Commune in Côte-d'Or, France

Quetigny (/fr/) is a commune in the Côte-d'Or department in eastern France.

==Geography==
===Climate===
Quetigny has an oceanic climate (Köppen climate classification Cfb). The average annual temperature in Quetigny is 10.7 C. The average annual rainfall is 767.5 mm with May as the wettest month.
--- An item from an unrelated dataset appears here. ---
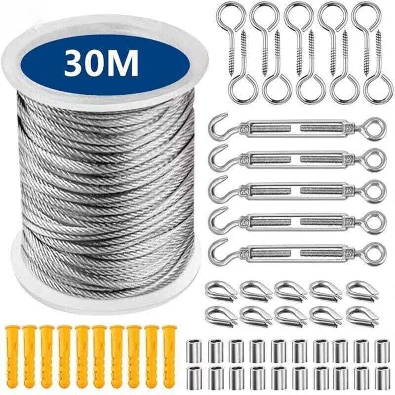Etendoir à suspendre,Cable Inox 3mm,50M/3mm Corde en Acier Inoxydable,Cable en Acier Revêtu avec Serre-Câbles,M3 Manchons,Cosses en Acier

The temperatures are highest on average in July, at around 19.9 C, and lowest in January, at around 1.9 C. The highest temperature ever recorded in Quetigny was 39.8 C on 7 August 2003; the coldest temperature ever recorded was -23.8 C on 9 January 1985.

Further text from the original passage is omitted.